Vulture body parts are illegally traded for belief-based use © Ian Dyball / Shutterstock

Following the discovery of this mass killing, local authorities immediately swung into action, with the governor of the Bafatá region forming a task force to locate and incinerate all vulture carcasses to avoid potential contamination to humans and other wildlife. The task force comprised of members of the local administration, health officials, tertiary officials and security officials drawn from the National Guard, armed forces and police, working with a network of local civil society organisations, including ODZH (Organisation for the Defence and Development of Wetlands in Guinea-Bissau).

BirdLife International, in collaboration with ODZH and others, is playing a key role in implementing an action plan to investigate the causes and prevent similar incidents in the future. A key step in this plan is to collect samples for laboratory analyses, and the detailed circumstances of vulture mortalities in regions where the most deaths were reported, namely Bafatá, Gabu and Bambadinca.
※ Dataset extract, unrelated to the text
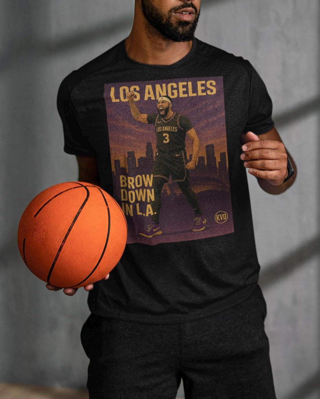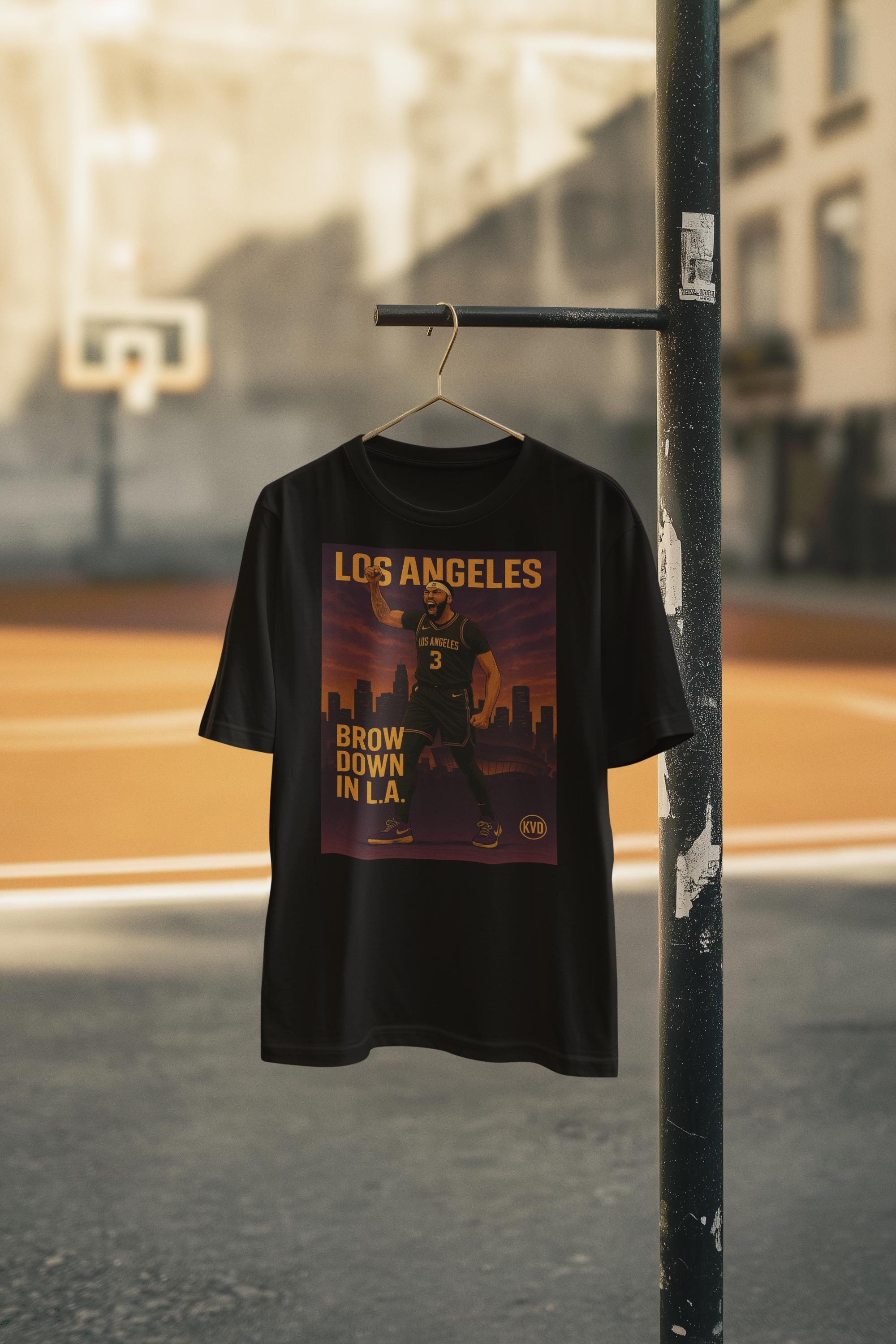 LAL – Los Angeles Basketball Graphic Tee – “Brow Down in LA” – Pro Hoops Streetwear T-Shirt • Urban Graphic Art • Sports Fan Gift

Accordingly, samples were collected and sent to the University of Lisbon where preliminary results reported by the Vulture Conservation Foundation (VCF) found highly toxic carbamate pesticides. These are the most frequently used highly hazardous agricultural pesticides used illegally to poison wildlife in Africa.

As part of this undertaking, the field team have been conducting interviews with stakeholders including cattle breeders, health and veterinary officials, slaughterhouse workers, individuals involved in burning the vulture carcasses, traditional medicine practitioners and local authorities among others.

A technical committee, comprised of ODZH and various governmental partners, has been set up to provide support for implementation of this plan. Other partners include the Convention on International Trade in Endangered Species(CITES), Convention on Migratory Species (CMS), VCF and the IUCN Vulture Specialist Group. Guinea-Bissau is also part of the Multi-species Action Plan to conserve African-Eurasian vultures, adopted in 2017 by the CMS. This Action Plan proposes many steps that are directly applicable to this tragedy, such as rolling out all possible policies and legal measures to reduce the belief-based use of vulture body parts. Furthermore, CITES stipulates that any international trade must be authorized by an export permit, which should only be granted if trade will not be detrimental to the survival of the species in the wild.

“The mass poisoning of vultures in Guinea-Bissau is sad and unfortunate. While there are concerted efforts to save these Critically Endangered birds, tragedies such as this undermine conservation efforts”, says Geoffroy Citegetse, a Conservation Project Manager based at BirdLife’s West Africa office. “In spite of this, we are working together to understand the cause of the deaths and raise awareness about the plight of vultures in Guinea Bissau.” Recent political instability in Guinea Bissau and the COVID-19 pandemic have made tackling this crisis particularly challenging. However, through the action that has already been taken, it is hoped that we can get to the root of the causes quickly, so we can prevent any further incidents.